CNBC Pushes Corporate Signaling as Companies Run Away From SCOTUS Abortion Issue – Opinion

The financial networks seem confused by the reason companies might not want to raise a topic as controversial as abortion.

The corporate landscape is a complex one. I find it difficult to understand why companies would be willing to get involved in social issues, even though this might seem like logical. This not only puts you at risk of losing customers but also causes other businesses to suffer.

This week — so far, at least — it appears that most corporations have wisely decided to remain taciturn about the flare-up regarding the Supreme Court being poised to repeal Roe v. Wade. Before you go all praise-worthy, the truth is there’s still a significant example of this type of corporate error in the news. Add in the fact that abortion is a highly unstable topic, and the task becomes easier to determine which company has the guts to set off the fire alarm from its public relations section.

CNBC seems to be baffled that Wall Street has remained silent until this point. Two of their writers, Melissa Repko and Lauren Feiner, were confounded that there was little to be heard from the business sector, and they were intent on finding…something.

It’s not surprising that Disney has been quiet on this matter. This is a surprising revelation for any reporter in business, and it’s even more so to a layman. It is quite obvious that boardrooms are silent on the matter, but these journalists were not. They tried to generate commentary.

The companies were reluctantly to respond to a draft Supreme Court decision, which would invalidate abortion rights. Several companies including Disney, American Airlines, and Walmart have not yet issued statements or responded to CNBC’s requests for comment.

Get in touch ‘You Don’t Say?’ gif —> here.

Even US Chamber of Commerce and trade associations had very little to share. Many corporate spokespersons have been retreating from the topic of abortion because there are no positive outcomes.

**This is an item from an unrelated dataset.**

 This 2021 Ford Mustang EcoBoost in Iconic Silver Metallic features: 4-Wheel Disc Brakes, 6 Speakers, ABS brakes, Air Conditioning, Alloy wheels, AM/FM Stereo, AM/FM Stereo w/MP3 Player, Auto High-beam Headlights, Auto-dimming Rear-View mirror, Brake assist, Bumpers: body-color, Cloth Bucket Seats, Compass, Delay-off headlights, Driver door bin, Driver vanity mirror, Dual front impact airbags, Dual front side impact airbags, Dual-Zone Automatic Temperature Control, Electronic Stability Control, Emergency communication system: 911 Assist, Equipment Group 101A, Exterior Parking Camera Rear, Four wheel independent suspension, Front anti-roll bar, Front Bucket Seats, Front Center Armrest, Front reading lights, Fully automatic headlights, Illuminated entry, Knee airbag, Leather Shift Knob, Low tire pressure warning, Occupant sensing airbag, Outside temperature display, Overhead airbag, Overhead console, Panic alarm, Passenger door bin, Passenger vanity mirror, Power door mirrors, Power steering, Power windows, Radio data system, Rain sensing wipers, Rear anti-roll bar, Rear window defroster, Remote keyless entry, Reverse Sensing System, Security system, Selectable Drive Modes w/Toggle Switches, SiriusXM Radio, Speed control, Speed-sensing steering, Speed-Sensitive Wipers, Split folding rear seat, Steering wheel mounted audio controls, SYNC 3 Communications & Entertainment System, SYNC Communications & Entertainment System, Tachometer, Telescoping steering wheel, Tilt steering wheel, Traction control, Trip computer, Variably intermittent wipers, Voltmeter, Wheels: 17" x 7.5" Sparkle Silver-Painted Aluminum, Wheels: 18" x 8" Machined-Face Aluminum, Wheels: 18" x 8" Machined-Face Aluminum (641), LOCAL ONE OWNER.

No matter what tepid a company’s position might be on any side of this issue, it will face a lot of backlash from others. Ask yourself, what commercial benefits could be achieved? 

The writers did find someone to give a serious reading of the subject.

“There is no upside in speaking out alone on this. So that is why they need to work collectively,” said Jeffrey Sonnenfeld, professor and senior associate dean of the Yale School of Management. “Nobody wants to have 40% of the country mad at them.”   

Disney is a great example of how businesses can address social problems such as these. It is best to ignore responding. It was costly for Disney to engage in the discussion about Florida’s recent parental rights law. There was no sound reason for Disney to pick a side with a bill that had no bearing on its operations, as it concerned merely the standards set inside of classrooms and granting parents more access to the child’s curriculum.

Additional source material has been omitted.